1 La ville de Kolding, au Danemark, a été une des premières à développer une politique d’achats verts, mais ces pratiques se diffusent, y compris en France
2 L’écobudget quantifie les principales ressources naturelles utilisées par une municipalité, ainsi que ses rejets liquides, solides et gazeux. www.iclei.org/ecobudget
3 La commune d’Alberstlund, une banlieue sociale de Copenhague, a par exemple substantiellement réduit, dans le cadre de son agenda 21 local, sa consommation d’eau, d’énergie, de pesticides, ses émissions de CO2, SO2, NO2, ainsi que sa production de déchets. Plusieurs fois primée pour ses performances, la ville a engagé parallèlement un travail d’amélioration de la qualité de vie et des services de proximité. Voir Analyse du contexte européen du processus « Agendas 21 locaux » et comparaison avec la démarche française, 2001, association 4D, Paris.
4 ICLEI / DIFU, 1999. Local Agenda 21 : a European Comparison Federal Ministry for the Environment, Nature Conservation and Nuclear Safety.

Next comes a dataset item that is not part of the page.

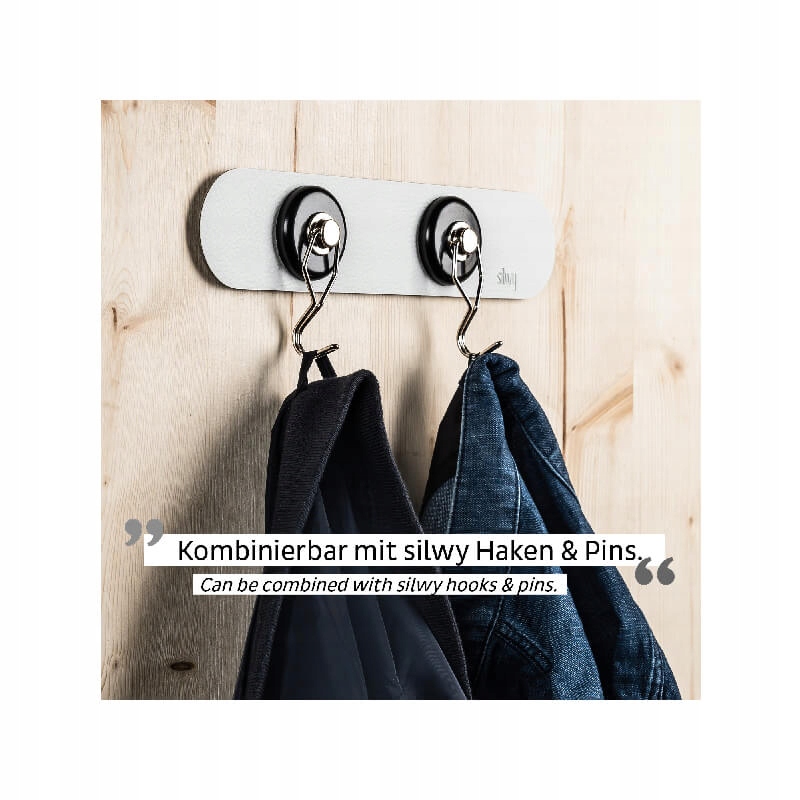 - Можно соединить с магнитными крючками и булавками Silwa (выдерживает до 10 кг)

5 On doit le concept d’empreinte écologique au chercheur canadien William Rees, au début des années 90. Wackernagel M., Rees W., 1999. Notre empreinte écologique, Ed. Ecosociété, Montréal
6 Avec l’article fondateur de Woolman puis les recherches du programme MAB de l’Unesco dans les années soixante-dix, dont le principal défaut était de ne pas avoir de retombées pratiques.